__Required action__.
Leaving every picture out, please return exactly the lines from the top of the material below through the line with "[어제보다 한걸음 더 성장하는 썸머선샤인] 1/2~1/3 목실감", both included.

__Data records__.

★ ★ ★ ★ ★

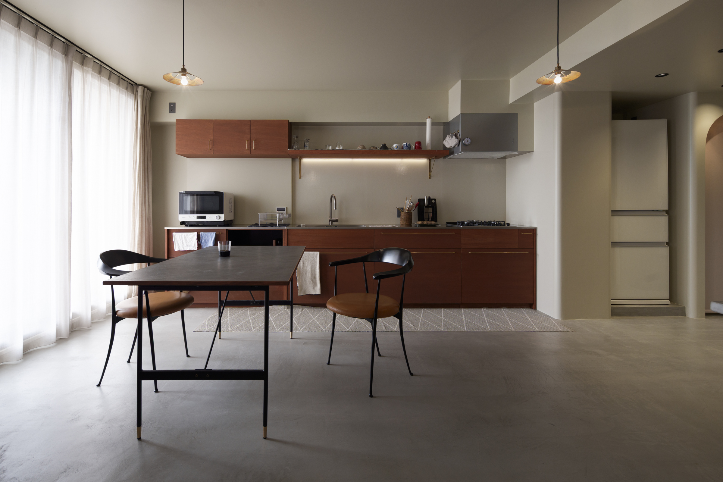 既存の建具やディテールは雰囲気を縛る要素であったため取り払い、骨格を最小限に整えるにとどめた。その上で住まい手の感性を受けとめる余白を残し、最小限の手数で空間全体を刷新している。
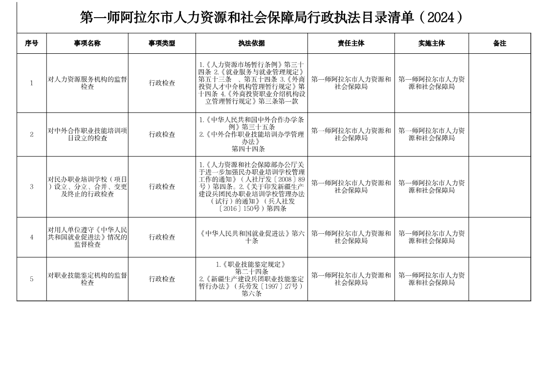 2024年師市人社局行政執法目錄清單(公示2.3)
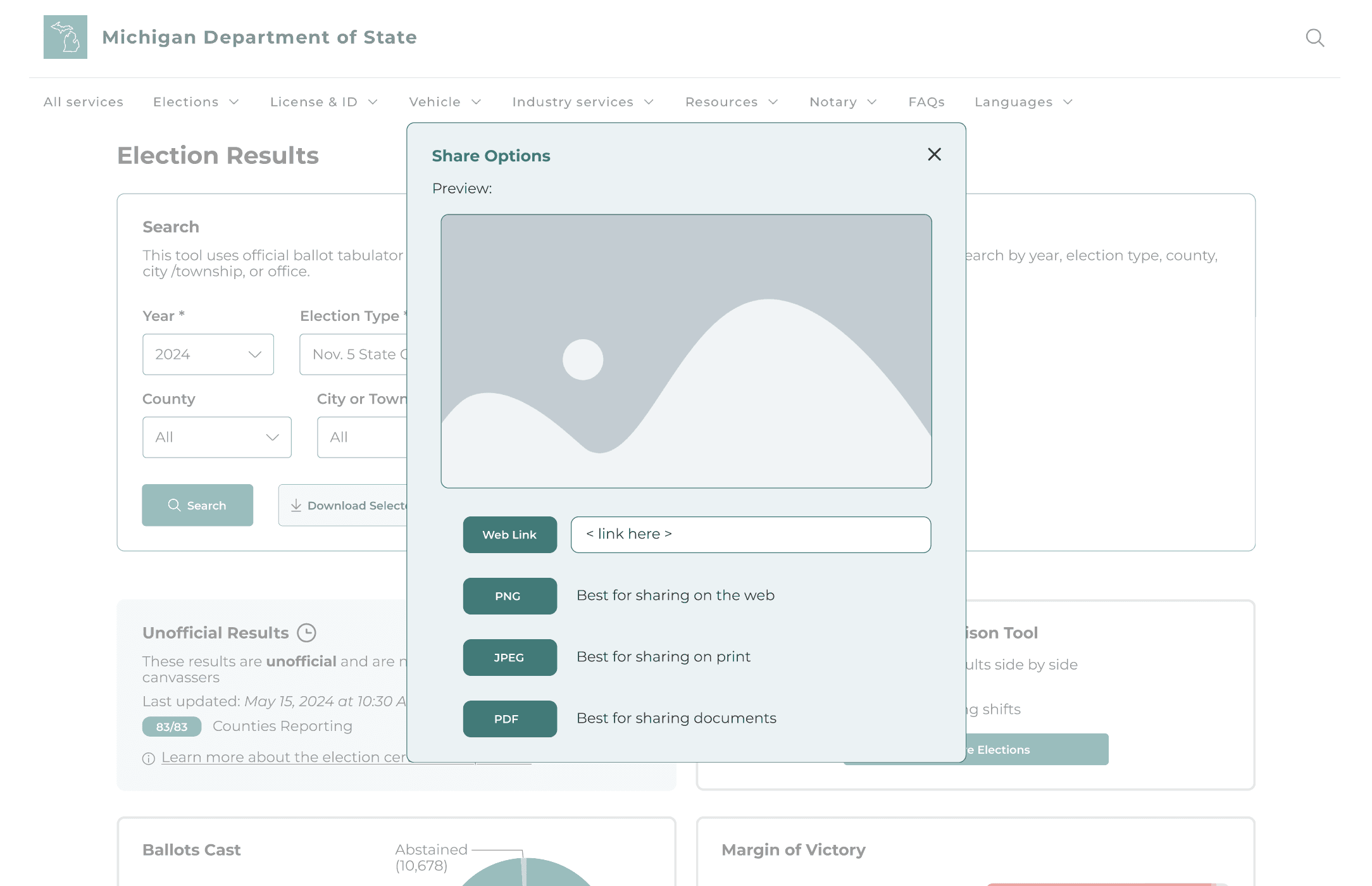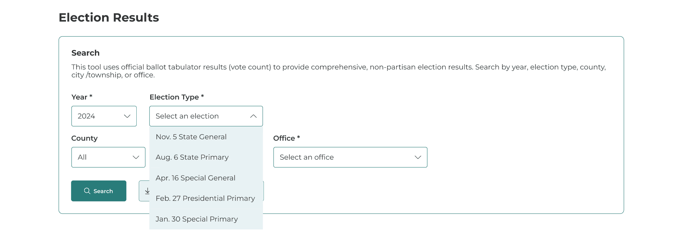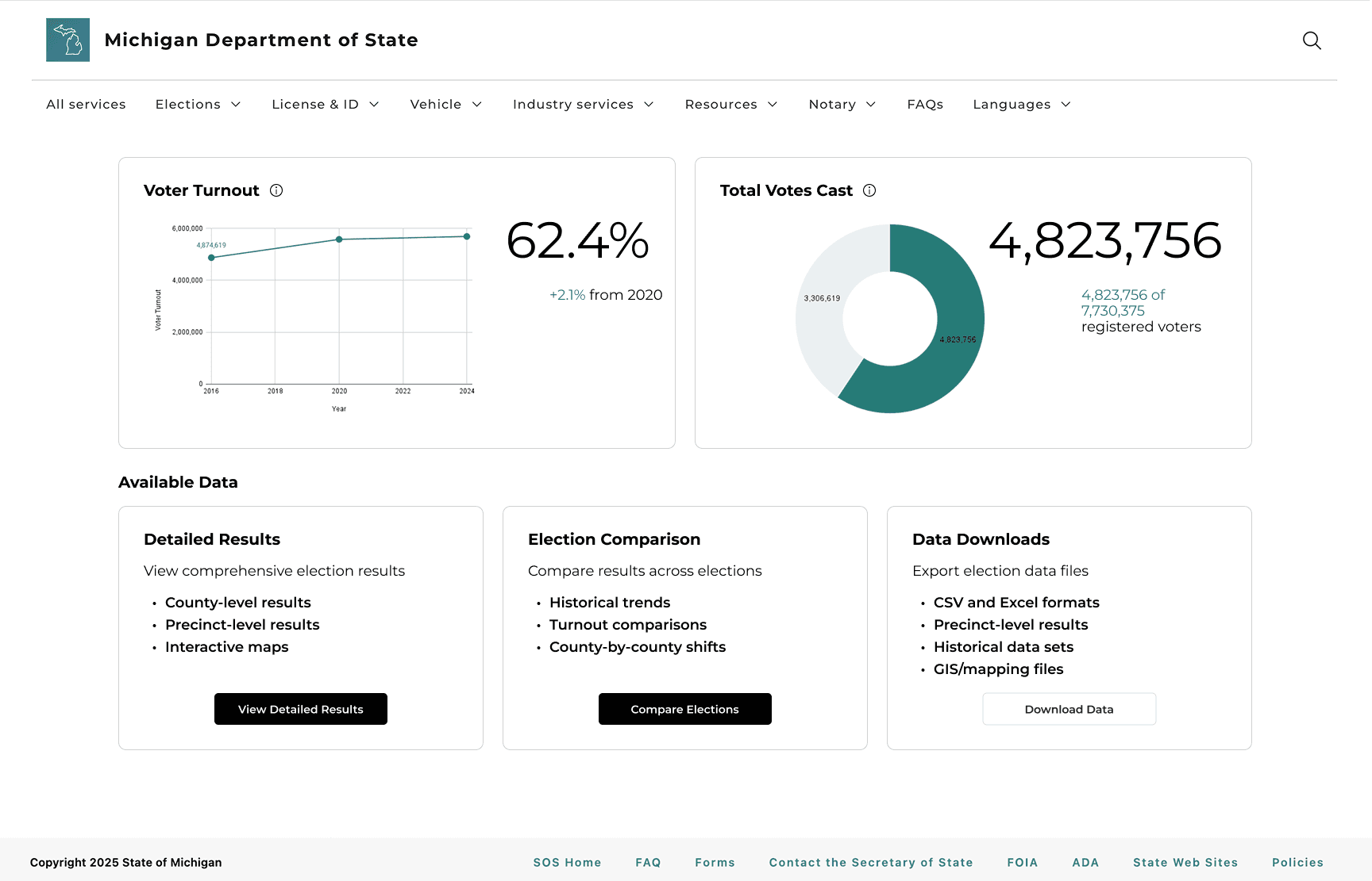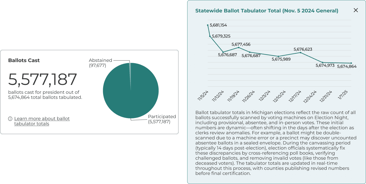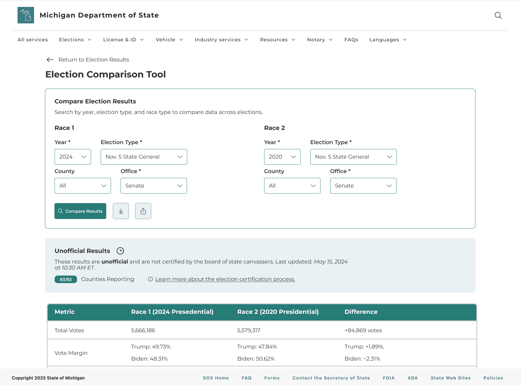 The Michigan Department of State launched its first public elections dashboard in Nov 2024, with additional versions on the way. Our team partnered with Michigan Department of State to re-imagine how election results are communicated. The client's goals were to understand stakeholder needs and define clear, user-centered approaches for visualizing election data in a trustworthy, accessible, and interactive way.
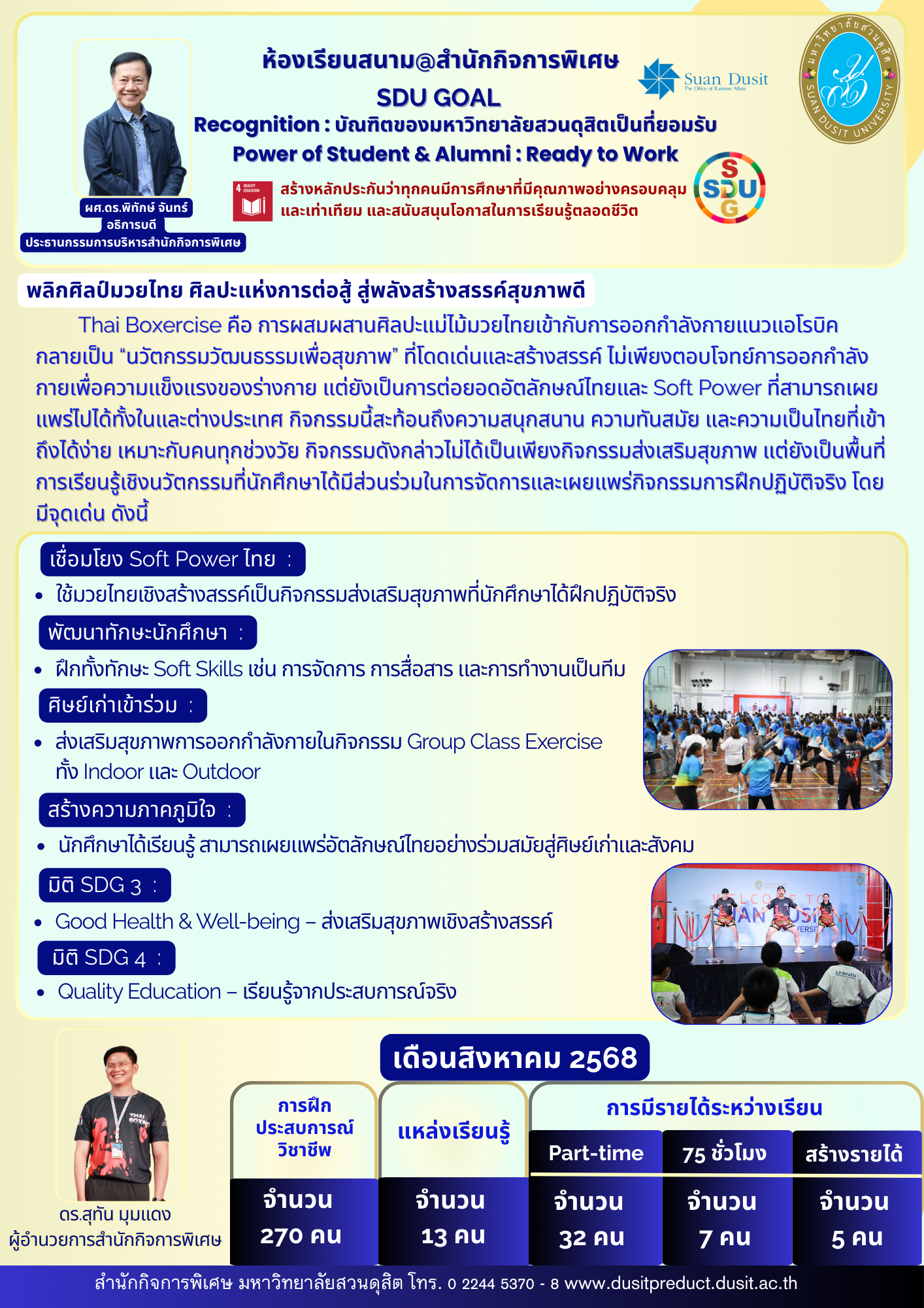 - การฝึกประสบการณ์วิชาชีพนักศึกษาสำนักกิจการพิเศษ
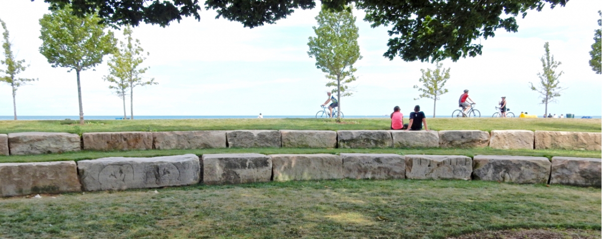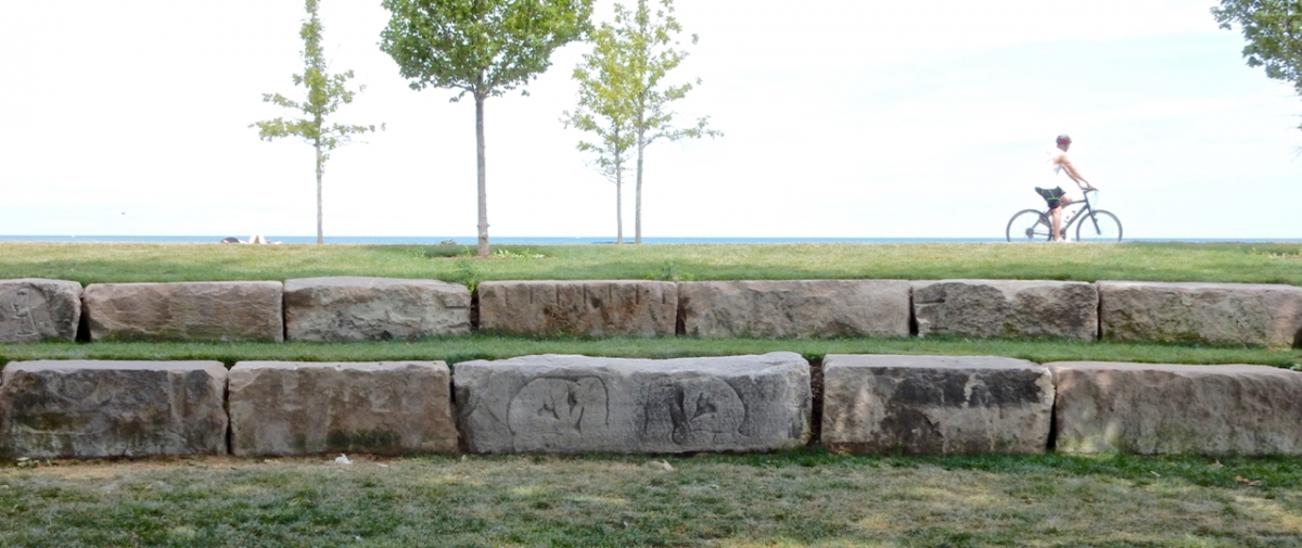 Ten years of lakeshore projects in Chicago have destroyed scores of vernacular stone carvings, but the most recent project has uncovered some fantastic examples. These are installed on the stretch of new lakeshore at Fullerton Avenue. (See my collection of more than a hundred other lakeshore carvings here.)
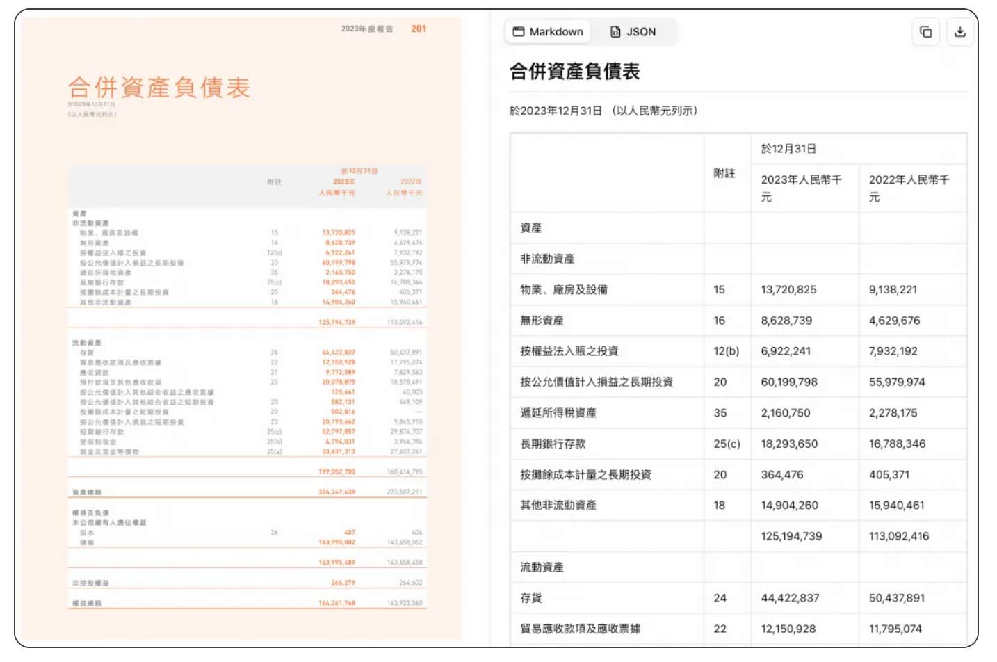复杂表格解析:针对合并单元格、多层表头等复杂结构,模型能精准理解并直接输出 HTML 代码。无需二次制表,识别结果即可用于网页展示或数据处理,大幅提升表格录入与转换效率。
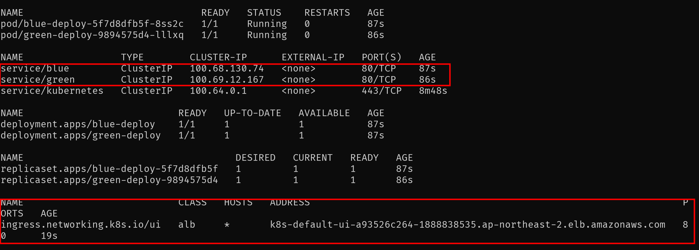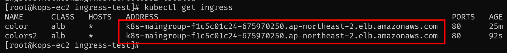 2개의 ingress를 배포한 뒤 내용을 확인하면 모두 같은 Address를 부여받은 것을 확인할 수 있다.
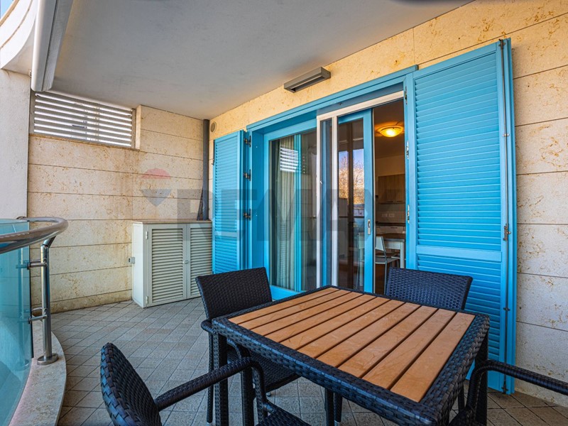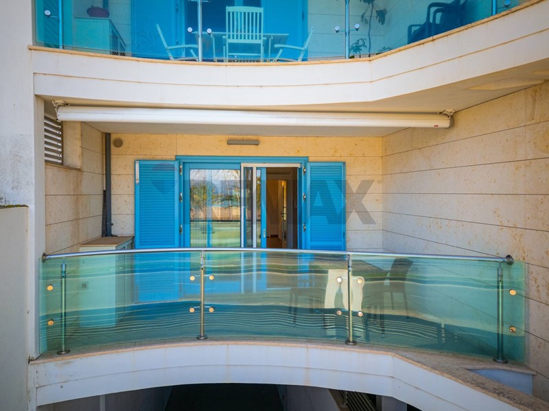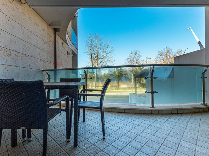 Lingresso si apre su un luminoso soggiorno con cucina a vista e uscita diretta sul terrazzo fronte mare, esposto a Ovest. Questo spazio esterno consente di posizionare comodamente un tavolo con sedie, ideale per cene allaperto, aperitivi al tramonto e momenti di relax con vista sul Golfo di Alghero.
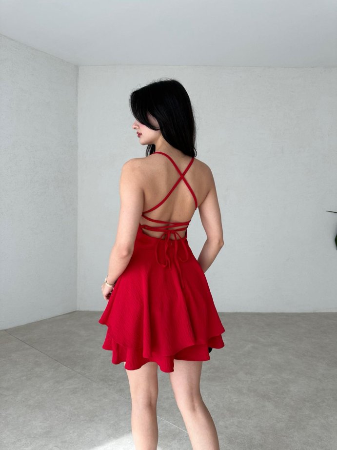 Sırt detaylı eteği şortlu Galway Elbise tam kalıplıdır.
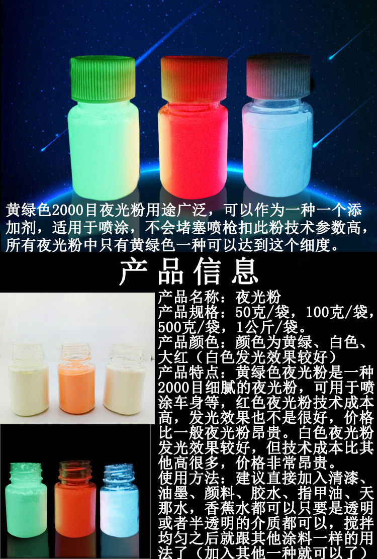 夜光粉2000目发光粉白色荧光粉可制喷漆涂料汽车夜光模型自发光漆
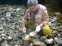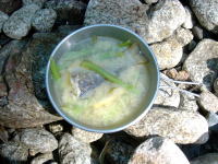 お昼は川で火を起こし、岩魚の味噌汁をご馳走になりました。岩魚のだしがきいて非常においしいものでした。
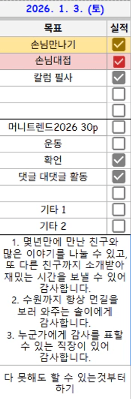 [어제보다 한걸음 더 성장하는 썸머선샤인] 1/2~1/3 목실감
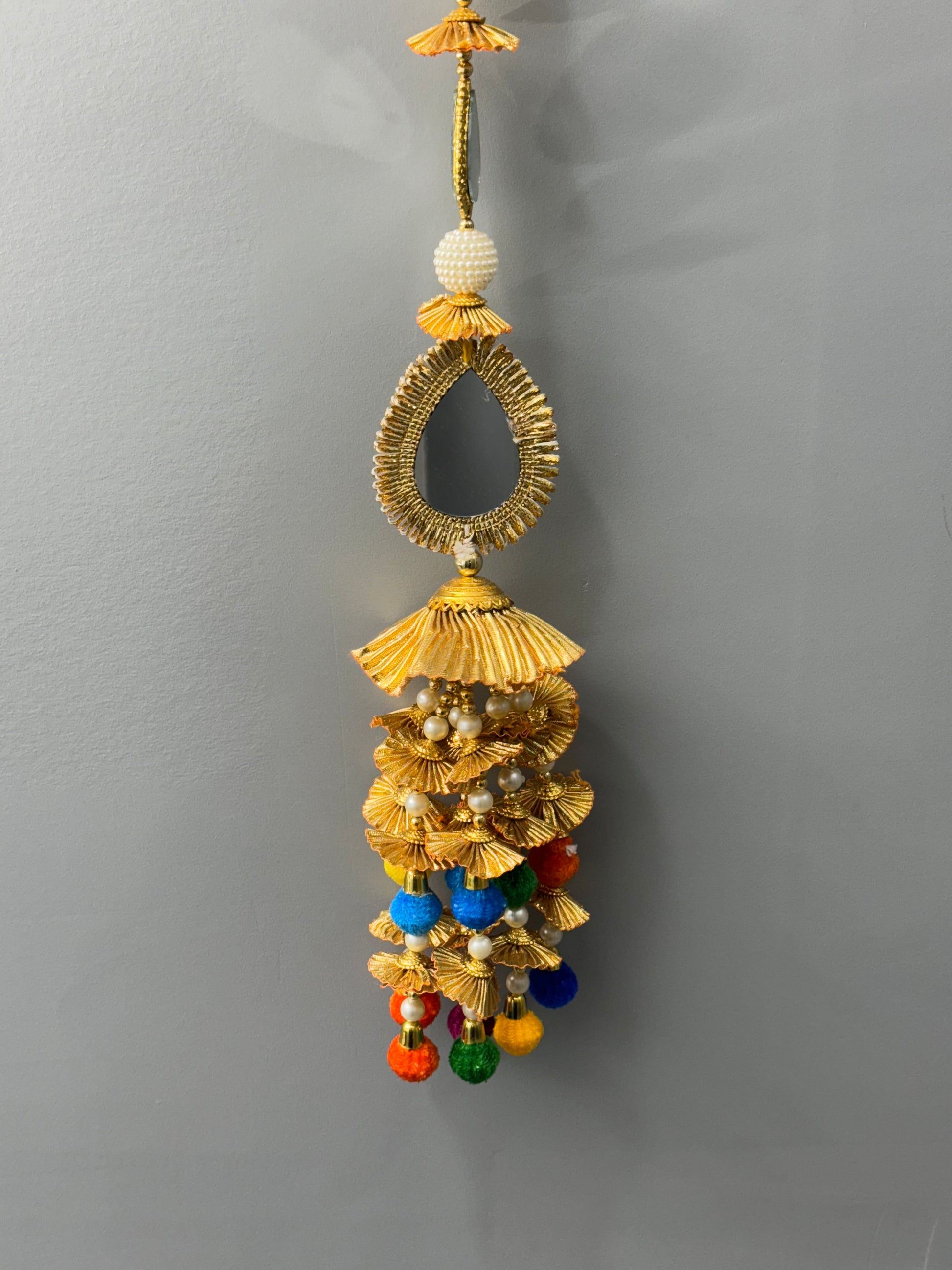 This Gold Prandi is a beautiful and versatile accessory for traditional Indian fashion. Made with vibrant colors and intricate designs, it adds a touch of elegance to any outfit. The Prandi is made from high-quality materials and is perfect for weddings, festivals, and other special occasions.

★ ★ ★ ★ ★

__Answer to this exercise__.
 既存の建具やディテールは雰囲気を縛る要素であったため取り払い、骨格を最小限に整えるにとどめた。その上で住まい手の感性を受けとめる余白を残し、最小限の手数で空間全体を刷新している。
 2024年師市人社局行政執法目錄清單(公示2.3)
 The Michigan Department of State launched its first public elections dashboard in Nov 2024, with additional versions on the way. Our team partnered with Michigan Department of State to re-imagine how election results are communicated. The client's goals were to understand stakeholder needs and define clear, user-centered approaches for visualizing election data in a trustworthy, accessible, and interactive way.
 - การฝึกประสบการณ์วิชาชีพนักศึกษาสำนักกิจการพิเศษ
 Ten years of lakeshore projects in Chicago have destroyed scores of vernacular stone carvings, but the most recent project has uncovered some fantastic examples. These are installed on the stretch of new lakeshore at Fullerton Avenue. (See my collection of more than a hundred other lakeshore carvings here.)
复杂表格解析:针对合并单元格、多层表头等复杂结构,模型能精准理解并直接输出 HTML 代码。无需二次制表,识别结果即可用于网页展示或数据处理,大幅提升表格录入与转换效率。
 2개의 ingress를 배포한 뒤 내용을 확인하면 모두 같은 Address를 부여받은 것을 확인할 수 있다.
 Lingresso si apre su un luminoso soggiorno con cucina a vista e uscita diretta sul terrazzo fronte mare, esposto a Ovest. Questo spazio esterno consente di posizionare comodamente un tavolo con sedie, ideale per cene allaperto, aperitivi al tramonto e momenti di relax con vista sul Golfo di Alghero.
 Sırt detaylı eteği şortlu Galway Elbise tam kalıplıdır.
 夜光粉2000目发光粉白色荧光粉可制喷漆涂料汽车夜光模型自发光漆
 お昼は川で火を起こし、岩魚の味噌汁をご馳走になりました。岩魚のだしがきいて非常においしいものでした。
 [어제보다 한걸음 더 성장하는 썸머선샤인] 1/2~1/3 목실감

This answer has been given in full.